I have a tensor A with shape [a,n] and I need to perform an op my_op
with another tensor B of shape [b,n] such that the resulting tensor C has shape [a,b].
In other words: For each subtensor in A (A[0], A1,...A[n]) I need to perform an element wise op with each subtensor in B.
So the resulting tensor would contain the following:
[ [ A[0] op B[0] , A[0] op B[1], ... , A[0] op B[b] ],
[ A[1] op B[0] , A[1] op B[1], ... , A[1] op B[b] ],
[ ... ],
[ A[a] op B[0] , A[a] op B[1], ... , A[a] op B[b] ] ]
The only way that I've been able to find that achieves this is through nested use of tf.map_fn Thus:
import tensorflow as tf
import time
import numpy as np
a_size = 64
b_size = 256*256
n = 256
A = tf.placeholder(tf.float32,[a_size,n])
B = tf.placeholder(tf.float32,[b_size,n])
def elementwise_op(a,b):
return tf.reduce_sum(tf.multiply(a,b))
def intermediate_op(sub_a,my_b):
sample_values = tf.map_fn(lambda x: elementwise_op(sub_a,x),my_b)
return sample_values
my_op = tf.map_fn(lambda x: intermediate_op(x,B),A)
with tf.Session() as sess:
a = np.random.rand(a_size,n)
b = np.random.rand(b_size,n)
start_time = time.time()
result = sess.run (my_op,feed_dict={A:a,B:b})
print ("exec time: " ,time.time()-start_time)
print (result.shape)
The code above runs fine, however, it does not use the GPU very well (only ~15% utilization, according to nvidia-smi
). In fact, it runs an order of magnitude faster when using only the CPU!! (on my 12 core machine) When run using the GPU, I see very low GPU utilization (~15%) and 100% on one of my CPU cores. When run on the CPU only, I see 100% utilization across all CPU cores.
Average timing of 5 CPU only runs: 11.33s
Average timing of 5 GPU runs: 111.88s
The above test was run using the official Tensorflow docker images: tensorflow/tensorflow:latest-py3
(for CPU) and tensorflow/tensorflow:latest-gpu-py3
(for GPU)
My guess is that map_fn
, via the python lambda, is forcing data to be copied back and forth between the CPU and GPU at every iteration, and the nested nature of the op just makes it worse.

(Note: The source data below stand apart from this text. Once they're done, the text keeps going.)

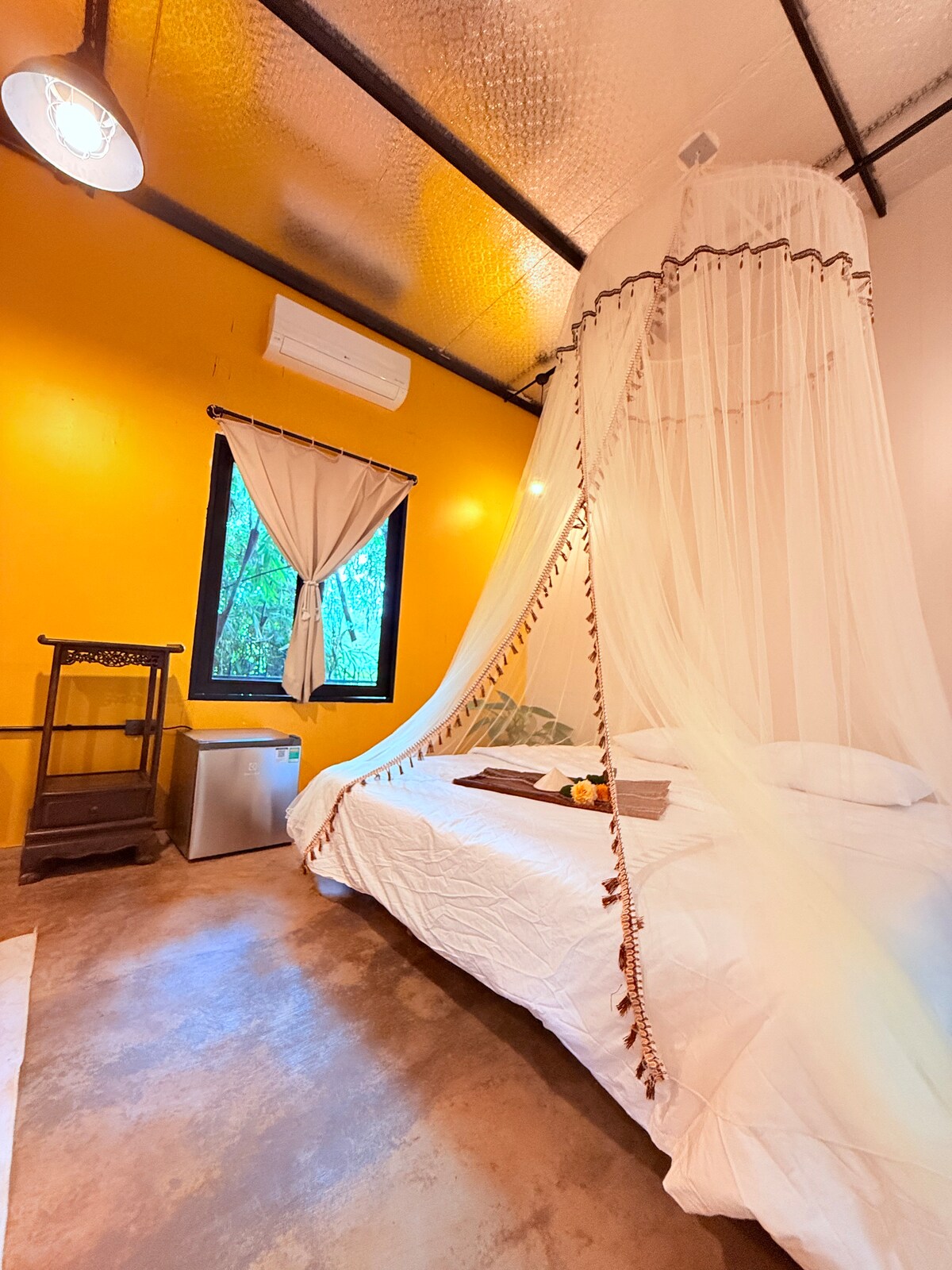 緑の木々に囲まれたGió Zen Balcony Loftは、暖かくミニマルなデザインの静かな休憩スペースです。自然光を取り入れる丸い窓、快適な大きなベッド、リラックスできる専用の高床式エリアが特徴のお部屋です。緑豊かな木々を見下ろす専用バルコニーは、朝のコーヒーを楽しむのに最適です。エアコン、スマートテレビ、WiFi、設備の整った専用バスルームを備えています。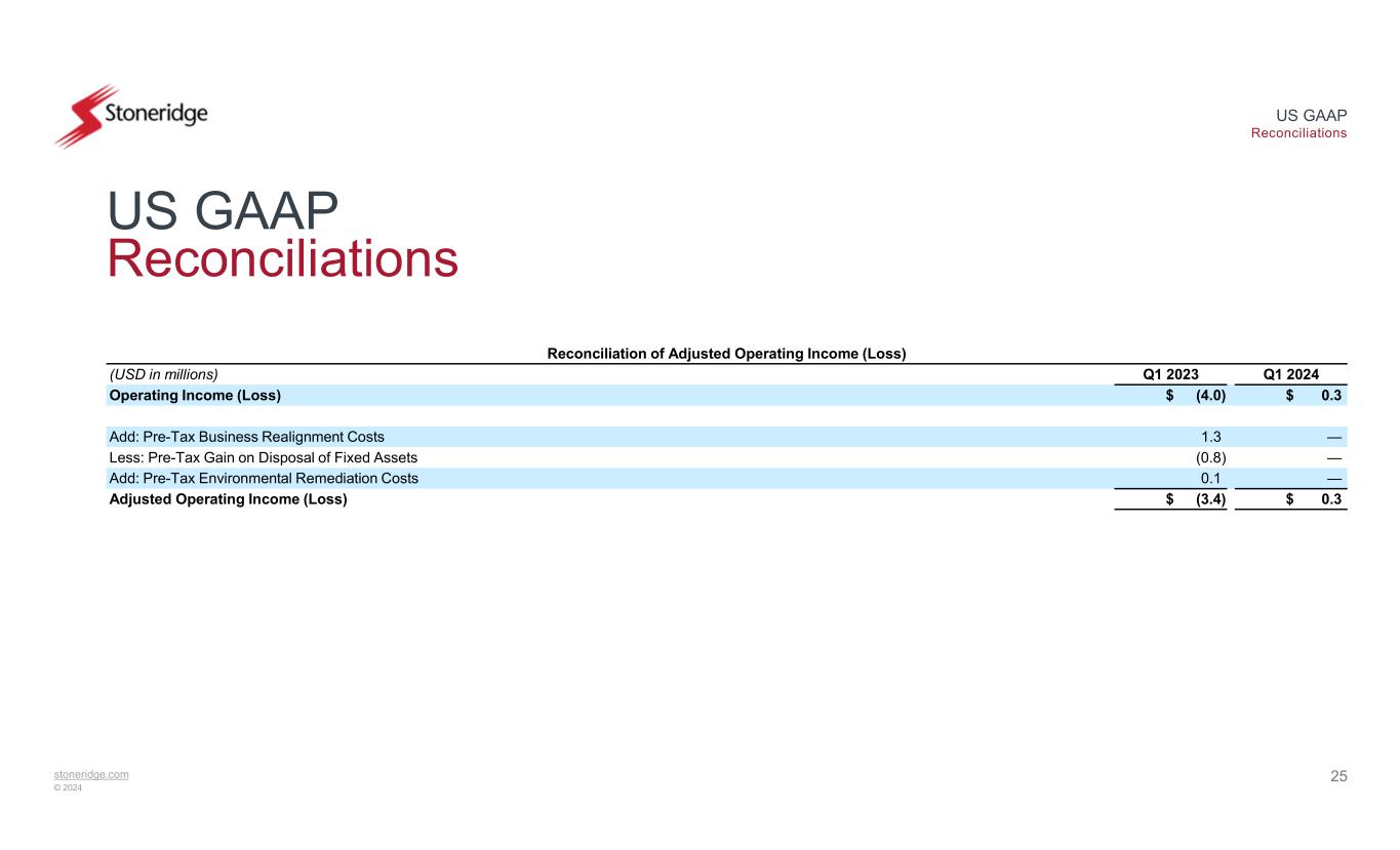 stoneridge.com © 2024 US GAAP Reconciliations 24 US GAAP Reconciliations Reconciliation of Adjusted Gross Profit Q1 2024Q1 2023(USD in millions) $ 48.4$ 42.8Gross Profit —0.2Add: Pre-Tax Business Realignment Costs $ 48.4$ 43.0Adjusted Gross Profit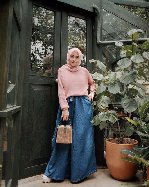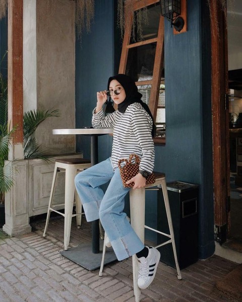 Kulot memang banyak disukai karena selain bahannya adem, juga memudahkan kita untuk bergerak. Lihat hijab style Nisa kali ini, terlihat chic dan simpel sekali bukan? Tak perlu repot repot memadankan, kamu bisa memadankannya dengan kaos rajut, kaos panjang, dan pilihan santai lainnya. Untuk sepatu kamu bisa menggunakan sneakers, sepatu sport, atau wedges.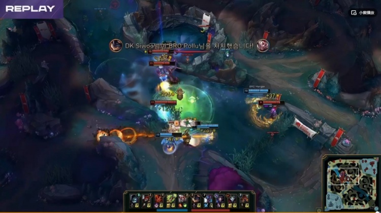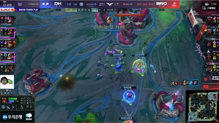 【29分钟】高地团Siwoo阿萝拉罩大配合队友秒掉了Croco潘森,装备差距DK直接一拥而上再次团灭BRO,一波结束掉了首局的比赛!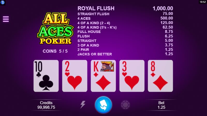 Là một game Poker đơn giản và thú vị, All Aces Poker cuốn hút người chơi nhờ gameplay nhanh gọn lẹ không hề rườm rà một chút nào. Sau khi đặt cược, 5 quân bài trên bàn sẽ được mở. Nếu như kết quả của 5 lá bài đáp ứng được với mức trả thưởng trong game thì người chơi sẽ được nhận phần thưởng tương ứng.

The comments in unanswered SO question here suggest that this is the case.
This article claims that:
lambda expression is the main reason of low GPU utilization.
-
So my question is: Is there a way to force map_fn to use the GPU? Or to avoid the Python lambda?
Alternatively, is there some other (perhaps more tensorflow-y) way to achieve the result described above, in order to the get graph to run on the GPU?
Edit: After running the profiler (I had to drastically reduce the size of the arrays to get the profiler to run at all, because it was eating up RAM like crazy), the following lines caught my attention:
node name | output bytes | total execution time | accelerator execution time | cpu execution time
Mul 1.02KB (22.23%, 0.29%), 195.07ms (85.00%, 13.06%), 5.29ms (100.00%, 25.79%), 189.78ms (84.79%, 12.89%)
Sum 256B (21.41%, 0.07%), 241.48ms (69.08%, 16.17%), 6.01ms (74.21%, 29.29%), 235.47ms (69.01%, 15.99%)
TensorArrayScatterV3 512B (0.64%, 0.15%), 658.31ms (46.87%, 44.09%), 9.19ms (44.80%, 44.80%), 649.12ms (46.90%, 44.08%)
It looks like certain ops are being done mostly on the CPU, and only on one thread at that!